Episode38.
倒れた。もう、もんどーむよーに、ばったり倒れた。
マチさんは距離を測ってたみたいだけど、わたし、そんなの確認する余裕もなかった。
「おっと」
ふらっと足をもつれさせたのが最後。
そのまま地面に顔から落っこちそうになったわたしを、振り返ったマチさんが受け止めてくれる。どうしようってちょっと思って、結局お世話になることにした。
全体重かけちゃっても、マチさんはびくともしないで笑ってる。
「うん。

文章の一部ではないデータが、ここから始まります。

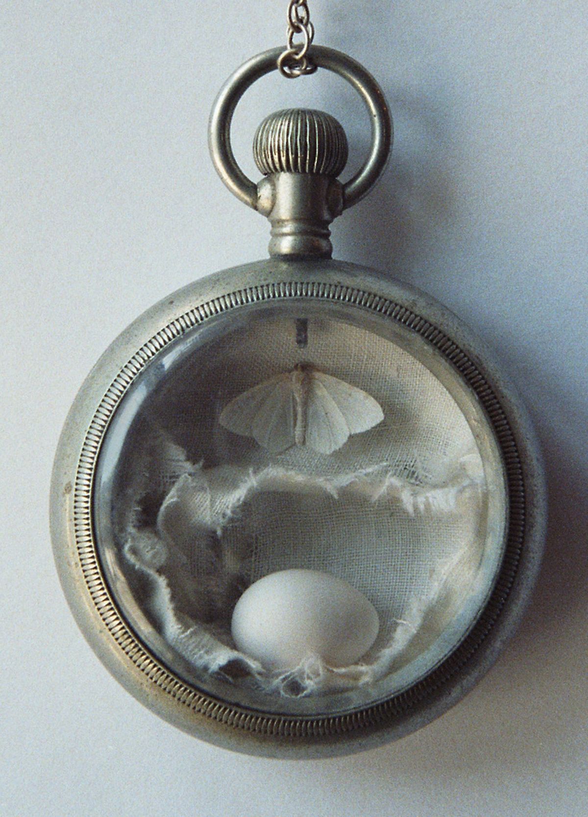 Dreaming of Flying, (hummingbird egg, moth, fabric) (not available) —

なかなかやるね」
「……ど、どれくらい、でし、た?」
話す合間に、息、ぜーぜー。
「糸計ってみないと判らないけど――まあ、60キロくらいかな」
あ。
どうりで、お日様の位置ずいぶん違うと思った。
それに、記録更新、かも。
糸ってなんだろう、ってちょっと思ったけど、嬉しい気持ちのほうが先に大きくなった。
42.195キロ以上目指して走ったの、初めて。笑って走るのは無理だったけど――いつもゴールがこの距離って決めてたし、こんな倒れるくらい疲れる前に止めてたから、それより多くは試してみなかったせいもあって。うん、まず、42.195キロっていうのを走りきれたのが嬉しい。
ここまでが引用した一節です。